Is this really a good idea?
Schools in Broward and Palm Beach counties are tapping a new source of teachers: South Korea.
The Asian nation has more teachers than it needs, and the Korean government is helping them find jobs abroad, said Andrea Seidman, president of Teachers Council, a nonprofit agency that helps place instructors.
Teachers Council has helped Broward and Palm Beach find Korean teachers in recent weeks. Broward has hired three for next year; Palm Beach likely will hire five, recruitment director Marcia Andrews said. Representatives of both school districts say they want to start with just a few to see how they adapt to American life.
I wonder if we can expect to see charming and artistic works of art from the children of Florida such as this seen in South Korea:
Or how about the teachers teaching facts such as this to the children of Florida:
Consider the following question, posed to 400,000 Korean students in a grade school exam: Which of the following descriptions of Iraq after the Gulf War is incorrect?
A) Due to economic sanctions, infant mortality increased by 150 percent, and in some areas, 70 percent of newborns had leukemia.
B) The United States and Britain conducted a bombing campaign against Iraq for 11 years after the war, causing terror among the Iraqi people.
C) Cancer among Iraqi children in 1999 was 700 percent because of depleted uranium left from the bombing.
D) The infant mortality rate of Iraqi children in 1999 was 300 percent higher than it was a decade earlier.
E) Not a single Iraqi starved to death after the Gulf War because of the extensive food relief program.
This question, and many more like it, comprised a supplemental teaching package on the second Iraq war that was distributed two years ago by the Korea Teachers and Educational Workers Union, the Los Angeles Times reported in July 2003. The package allegedly included graphic photographs of child casualties and urban destruction from the 1991 Persian Gulf War.
According to national education law, teachers who belong to unions are permitted to incorporate such supplemental teaching materials into the mainstream curriculum. School principals technically have the power to regulate what is used, though this rarely occurs.
In one controversial instance, a teacher leading a class on the U.S. military role in South Korea showed her seventh-grade students a police photo of a naked Korean prostitute who was murdered and sexually assaulted in 1992 with an umbrella by an American serviceman.
The offending teacher, who subsequently did not lose her job, argued that such material was widely available on the Internet for public viewing. She echoed the opinion of other unionized educators who contend they oppose war of any kind, and are not waging a targeted smear campaign against the United States.
South Korean President Roh Moo Hyun — who dispatched the third-largest contingent of foreign troops to Iraq — supported the union’s position, saying that “antiwar education should be encouraged but only as long as it is not anti-American, in consideration of our diplomatic relations.”

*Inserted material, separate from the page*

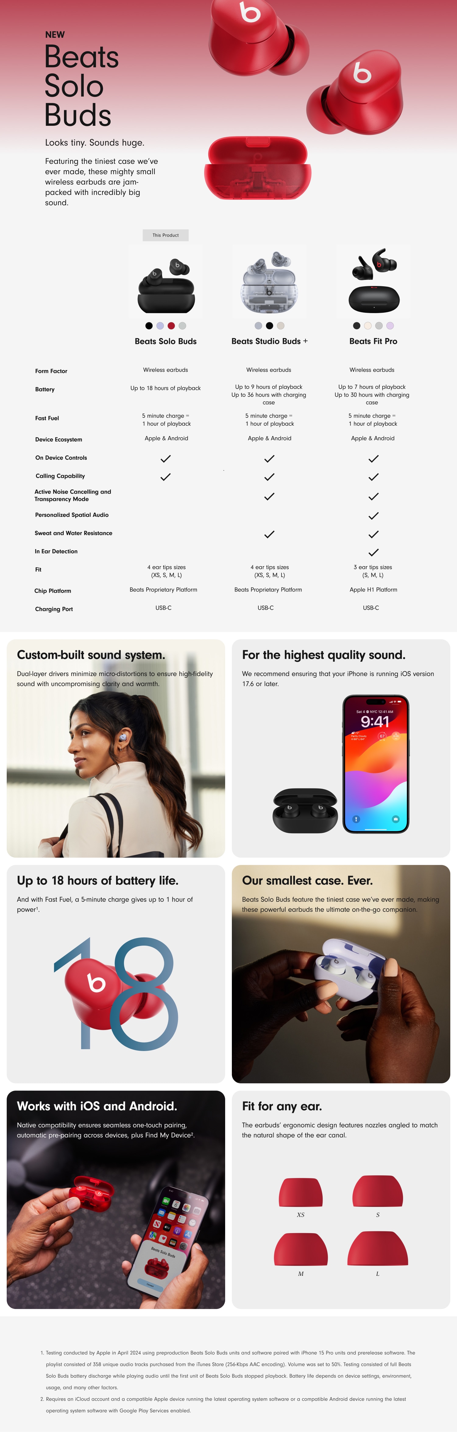 Beats Solo Buds, True Wireless Earbuds with upto 18 Hrs Battery, Dual compatibility with iOS & Android, Crystal Clear Calls, Transparent Red

Even better yet they can teach this:
Today’s texts contain pictures of North Korean food shops (“A lot of women,” reads the caption, helpfully, “are participating in economic activity”) and suggest students practice writing letters to their counterparts across the border (without mentioning that North Korea prohibits mail from the South.) In today’s classrooms, you can find a third-grade textbook with a cartoon of two boys from either side of the border deciding not to throw rocks at each other.
Northern Boy: I’m sorry I threw the rock at you first.
Southern Boy: I’m sorry, too. It is not right for brothers to throw rocks at each other.
Northern Boy: Our parents and ancestors would be grieved to see us fighting.
Southern Boy: Speaking of which, do you want to participate in the international Ping-Pong game together as one team? … If we become one team, we can make up for our weakness and no other country will be able to beat us.
Teachers need little encouragement to use such texts. Park Geun Byung, a teacher at Song Chun elementary school in Seoul, uses a storybook that instructs his fourth-grade class in the tale of an evil dragon that prevents a Romeo and Juliet on either side of a river from marrying. The river is plainly the DMZ. The evil dragon is meant to represent the U.S. Park is a believer in what he calls “unification education.” “Teachers,” he adds, “don’t have to be neutral.”